Fay was confused. Why the cellar? It’s the attic where they’ve disappeared. They, she thought – both the other boy and now her brother Ivan. They’ve disappeared, from here.

But not taken. Not taken.

*

Thomas locked the front door and methodically went through every room in the bookshop. He made Fay stay with Auntie Jean, and they both watched his progress live on the monitor.

The cellar held lots of her Uncle’s junk. She watched Thomas rifling through boxes of paperwork, and sniffing some dusty old clothes. She wondered how long the police had searched for her cousin Artie. She could feel Auntie Jean trembling beside her. Uncle Gwynne had a face like stone, and wouldn’t look at either of them. Did they still hope that Artie would one day just walk back into the shop? Or was his body mouldering by some rock somewhere, waiting for some unfortunate hiker to discover it?

Fay felt cold, and desperately wished that her Mam would come. This wasn’t her home after all.

Thomas checked behind bookshelves in the other rooms, searching, presumably, for hidden doors. Fay was glad this was not her dream where doors could appear willy nilly. He checked the yard, nothing there but the bins. He moved up to the first floor. Nothing in history or archaeology, geography or travel. He stuck his head in the old cupboards and stamped loudly on the floorboards. Nothing.

Then he went up to the attic rooms. He had to stoop to enter through the four-and-a-half-foot door. Fay peered more closely at the screen.

She watched as he bent over the dolls. He picked one up to examine it more closely, and then turned his attention to the books, just as Ivan had done. There was one book lying on top of the others and he picked it up.

The screen fuzzed, and he was gone.

Fay bolted back from the monitor in horror. “No, no, no,” she moaned. She felt a scream try to force its way up from her stomach through her spine, and thumped her belly to stop it escaping. “That can’t happen!”

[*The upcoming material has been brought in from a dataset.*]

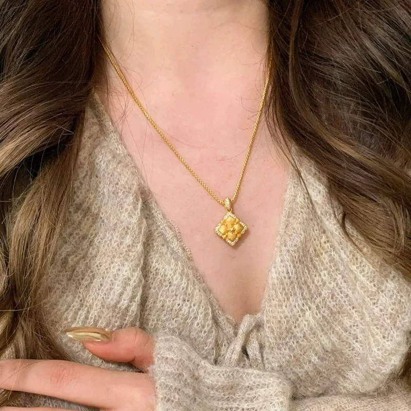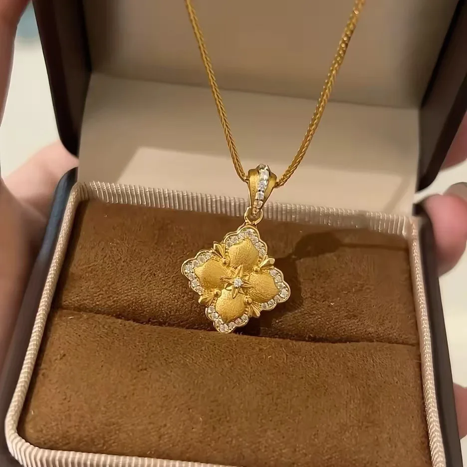 Luxury 24K real gold necklace Italian brushed craft au9999 gold retro palace Buqi style autumn and winter collarbone chain

She had to know. Had to. This was worse than her dreams but it was real and it was here. Ivan was her brother, and her responsibility. She darted away from Auntie Jean, and evaded Uncle Gwynne as he went to catch her. She thought she heard him shouting after her, “My book! Don’t look at my book!” but she wasn’t sure and she wasn’t going to stop for anything.

She ran up the narrow, winding stairs to the attic, counting as she went. Sergeant Thomas was nowhere to be seen.

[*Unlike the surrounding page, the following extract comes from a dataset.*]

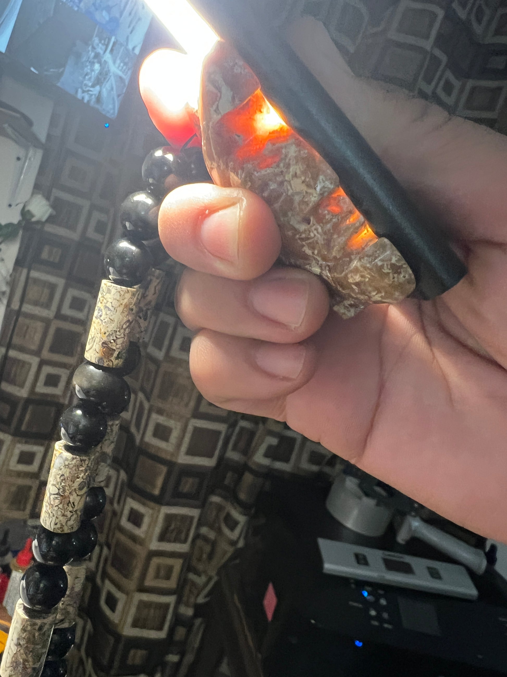 Rainbow obsidian necklace with fossil stone tubes and a carved eagle warrior pendant in translucent sponge fossil stone.

She entered the room slowly, warily. She no longer trusted her dolls – she wasn’t even sure about her policeman doll. He was lying on the floor, where Ivan had dropped him.

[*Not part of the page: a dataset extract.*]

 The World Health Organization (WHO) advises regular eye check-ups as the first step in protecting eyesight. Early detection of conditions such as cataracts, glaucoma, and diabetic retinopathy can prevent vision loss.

There were two dolls in the pram that she didn’t remember. A boy doll, in a blue jacket. His cheeks were ruddy, and he had yellow wool for hair, and crooked wire glasses stuck to his front, and orange shoes. And another boy doll, soft-bodied like the sailor doll with a painted smile – but he was wearing a white t-shirt, and with brown wool for hair, brown like Ivan’s hair. It can’t be Ivan, she thought wildly. He’s not a doll, he’s a human boy! But she gripped him tightly and tears started to roll down her face. She sank to her knees, gripping the policeman doll too. Whose face, she could see through her tears, was no longer smiling, but grimacing, mouth wide, like a scream.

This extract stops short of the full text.